# YOUR GOAL
From the listing below, please restate exactly the lines beginning at the one with "Richard Corcoran I" and ending at the one with "Hochlader mit Sandwichaufbau, hydraulische", both included, and skip the pictures.

# INFORMATION PROVIDED
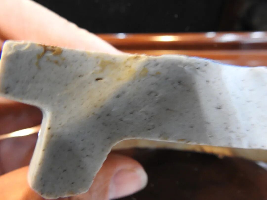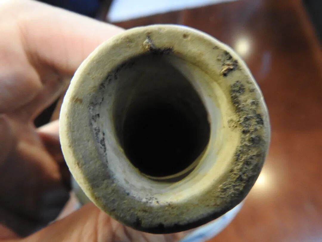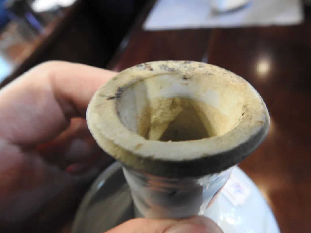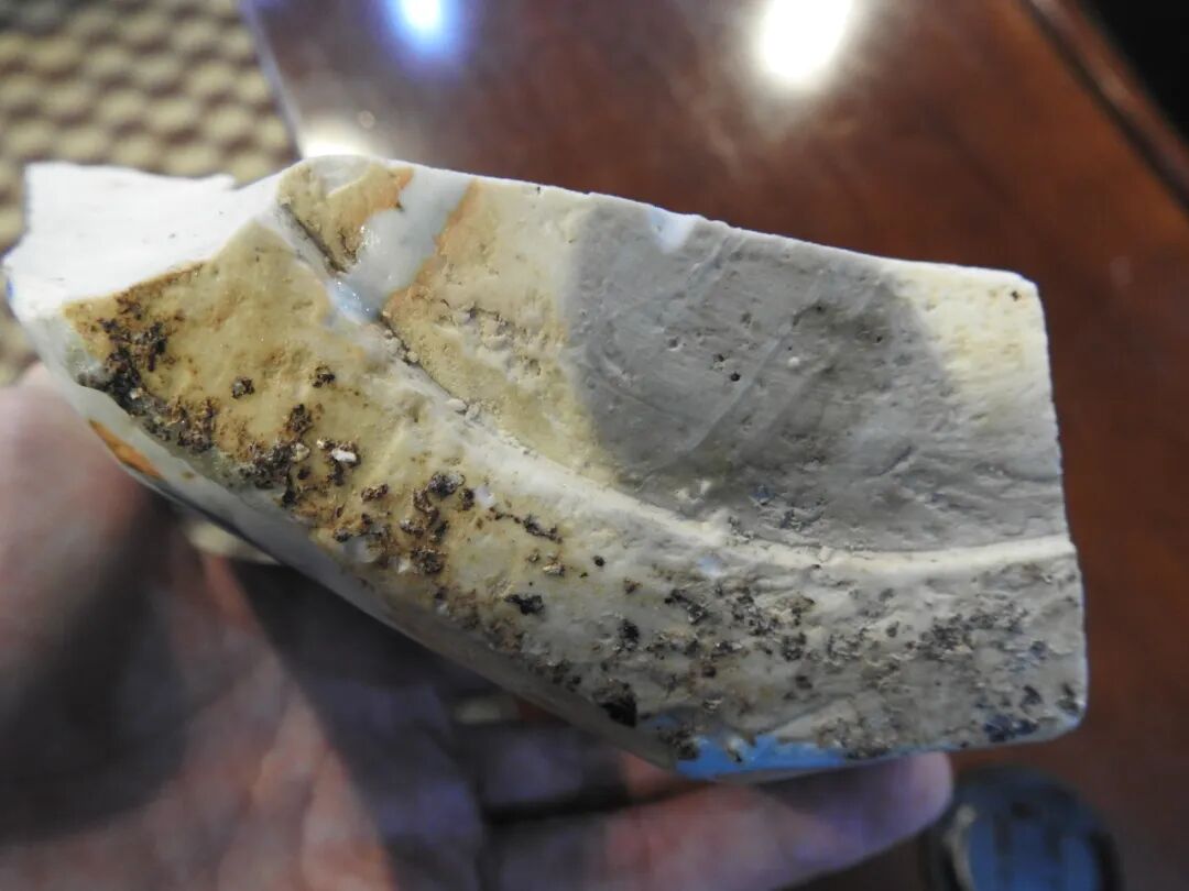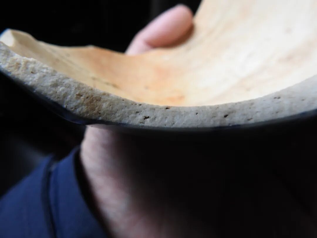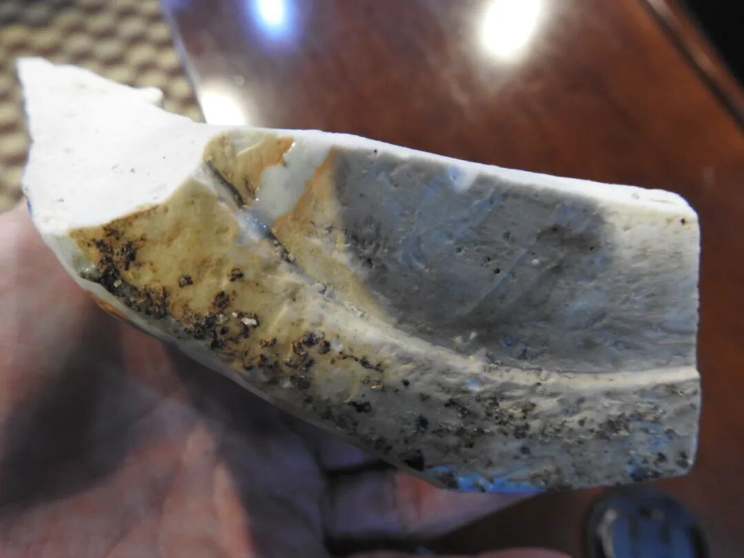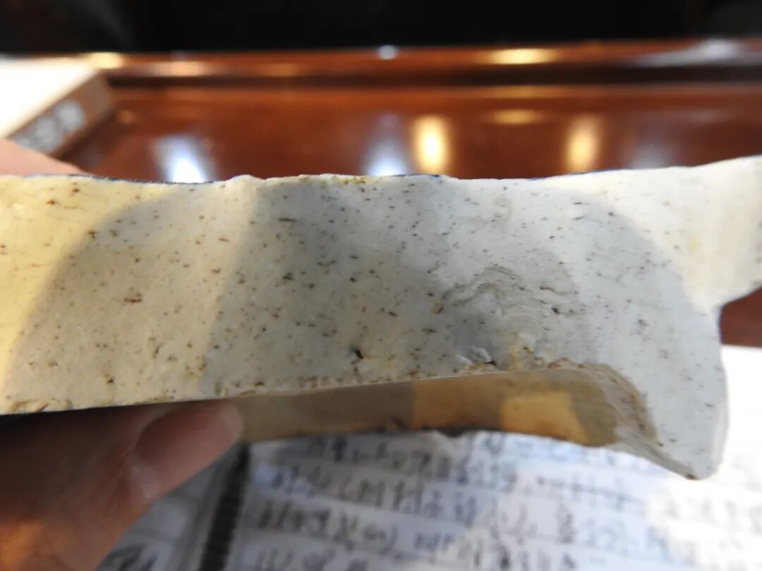 麻仓土的第一特征是有“糖点”。何为糖点?上等土烧制的瓷器洁白如玉。麻仓土由于需要粉粹,器物底有颗粒感,而高岭土为粉末状,颗粒感较弱。元代和明代烧制瓷器的胎土配方是麻仓土加上瓷石的二元混合胎质,其烧制成功后的颜色是一种白胎中微带淡黄色的呈色。其中火石红明显。清代瓷器的胎土配方是高岭土加上瓷石的二元混合胎质,其烧制成功后的颜色是一种纯粹的高白色。。明代、清代这两种胎质烧成后的呈色的不同,也是明清两朝瓷器断代的重要依据之一。
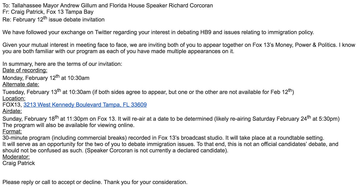 Richard Corcoran I Am Looking Forward To Joining Andrewgillum For A Televised Debate On My Push To Ban Sanctuary Cities In Florida Thank You Fox13politics For The Offer Flapol T Co V2crqr6f2z
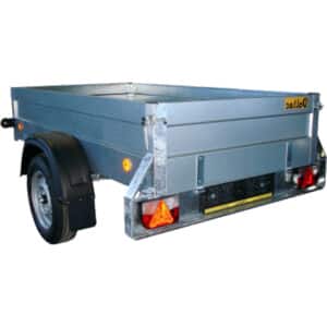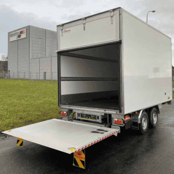 Hochlader mit Sandwichaufbau, hydraulische Hebebühne, Durchladesystem und robustes abkippbares Stützrad vorne.
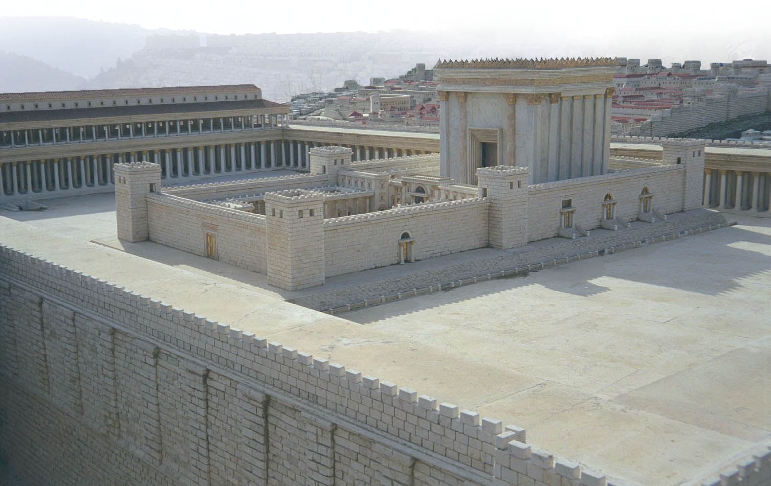 Figura 2.2. El templo de Jerusalén. El templo era el centro de adoración y vida religiosa del pueblo judío. Este modelo exhibe el edificio y sus patios externos como se veían en la época de Jesús. La plaza externa estaba abierta para toda la gente, pero al complejo amurallado en el centro de la plaza solamente los judíos podían entrar. El edificio alto en el centro es la parte interior del santuario, o «lugar santísimo», al que podían entrar solamente los sacerdotes designados en ocasiones concretas. (Craig Koester)

# REPLY TO THE EXERCISE
 Richard Corcoran I Am Looking Forward To Joining Andrewgillum For A Televised Debate On My Push To Ban Sanctuary Cities In Florida Thank You Fox13politics For The Offer Flapol T Co V2crqr6f2z
 Hochlader mit Sandwichaufbau, hydraulische Hebebühne, Durchladesystem und robustes abkippbares Stützrad vorne.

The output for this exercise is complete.